Friday, Oct. 22, 1965

Questions of Identity

Bunny Lake Is Missing. "They don't believe Bunny really existed," sobs Carol Lynley. And that thread of plot seldom frays in Producer-Director Otto Preminger's big shaggy suspense thriller Though Carol claims that her four-year-old daughter Bunny was kidnaped from a London day school, no one at the school actually saw her. Virtually no one m England has seen her, it turns out. Even her toys have disappeared, and evidence suggests that the child may be a figment of her mother's tortured imagination. With or without a daughter Carol has come to England to live with her brother, Keir Dullea, but he too seems rather vague for a lad who is described as a high-ranking magazine journalist.

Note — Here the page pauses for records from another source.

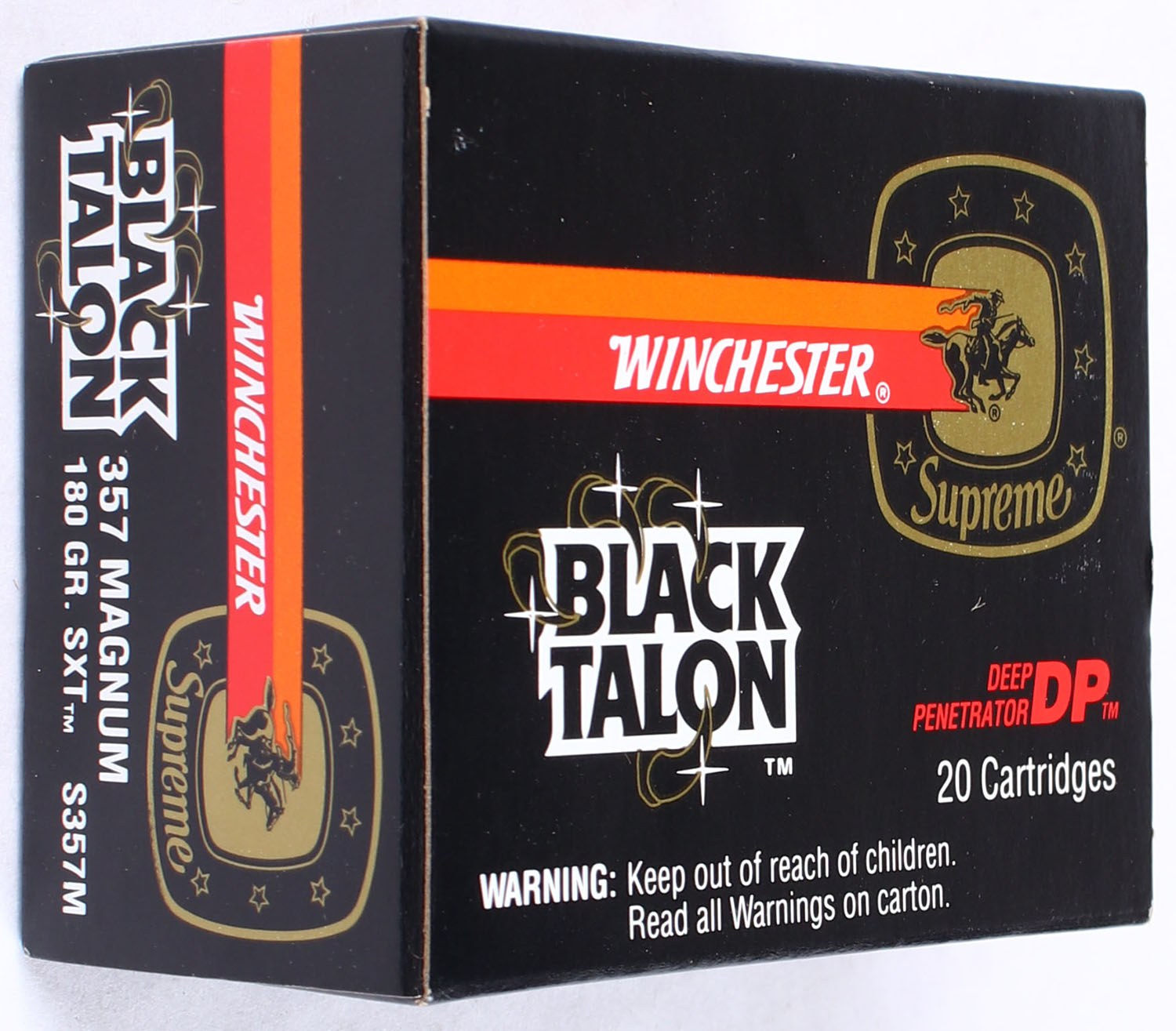 Winchester, Black Talon, .357 Magnum, 180 Gr. SXT, Full, 1pc. Black red & orange box, box is solid with excellent to minty color, minor shelf & corner wear, edges are crisp, end flaps are solid, ammo is minty. Grade: MINT - Value: 90 to 120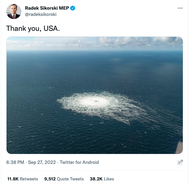Det var den ärliga reaktionen från Polens tidigare försvars- och utrikesminister Radek Sikorski på nyheten att gasledningarna Nordstream 1 och 2 utsatts för sabotage. Det var på Twitter som Sikorski – som sitter i EU-parlamentsgruppen EPP, där Moderaterna och Kristdemokraterna ingår – öppet tackade USA.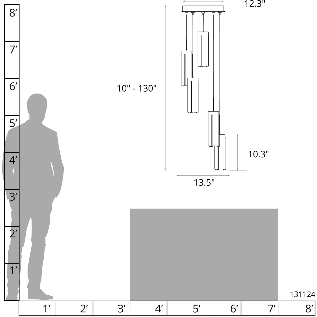 The Exos Collection has a new addition with five cascading pendants clustered on a round multi-port canopy. Individual pendant lengths are customizable to suit the space, making this Exos Glass 5-Light pendant and easy choice. With a substantial range of cable length, this Exos Glass ceiling pendant could make a dramatic statement as a semi-flush or as a cascading focal piece. Tall, vertical, handcrafted steel pieces embrace a glass shade in a choice of opal or clear glass, with an opal inner diffuser.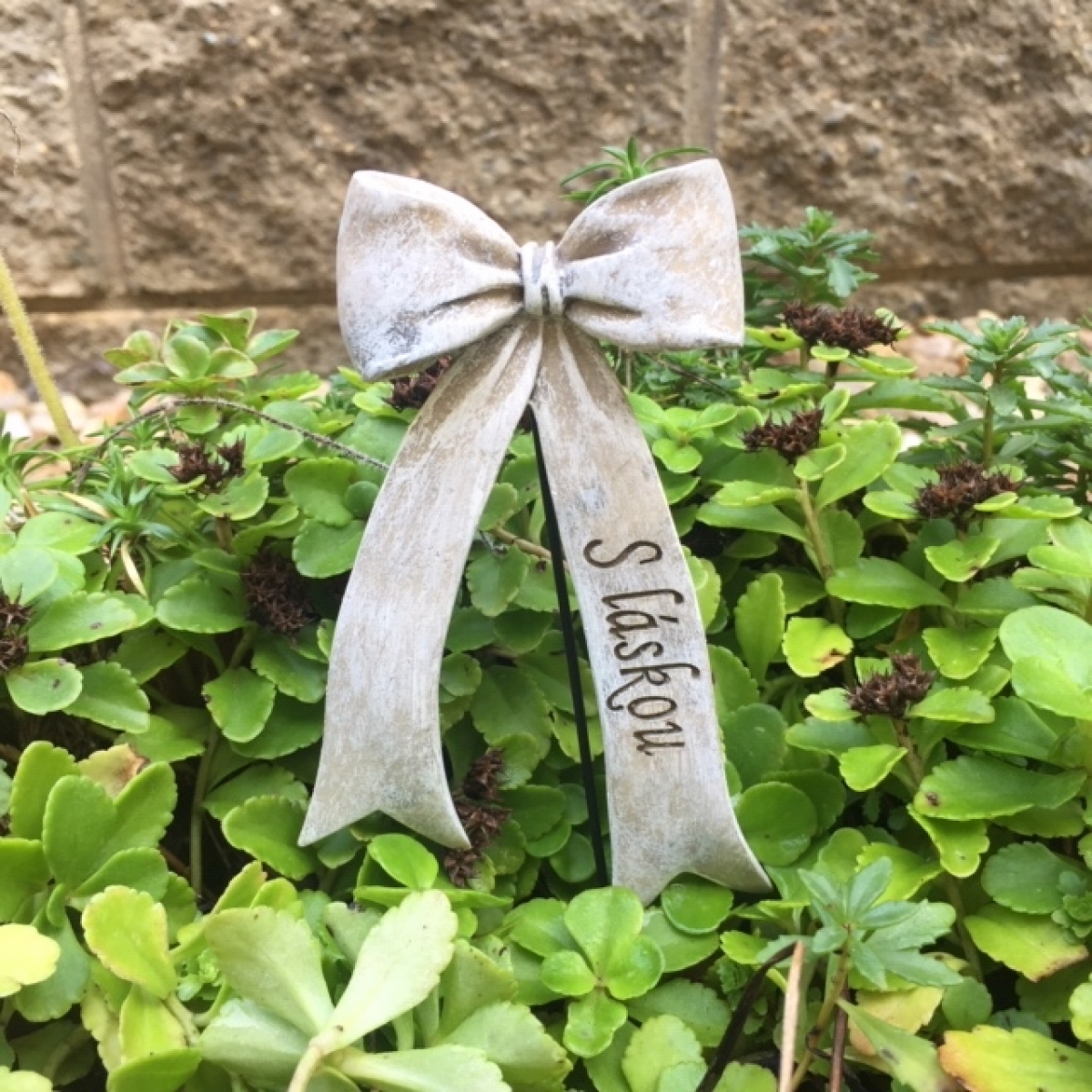 Dušičková dekorácia na hrob v tvare mašle s nápisom „S láskou“ bude krásnym doplnkom pre dušičkový aranžmán. Smútočná mašľa môže zdobiť dušičkový veniec alebo vysadenú misku. Vďaka kovovej tyčinke ju môžete zapichnúť kamkoľvek.

After an exhilarating start, the worst thing to befall Bunny Lake is the heavy hand of Director Preminger, a man who abhors half measures. He seeks to establish mood by plunging nearly every London setting into an all but impenetrable gloom. He recklessly tips off the viewer that a key character is deranged thus siphoning off surprise from a climactic mad scene for which no Oscars will be won. Meanwhile, Martita Hunt as a dotty old schoolmistress, and Noel Coward, as a dotty old literary type strive to stop the show with their patented idiosyncrasies. To keep an eye on everyone, there is the man from Scotland Yard--dryly played by Sir Laurence Mivier, who seems bemused to find his king-sized talent tucked into so mundane a role. Obviously, Inspector Olivier has a clue that no sensible person ought to worry too much about missing Bunny.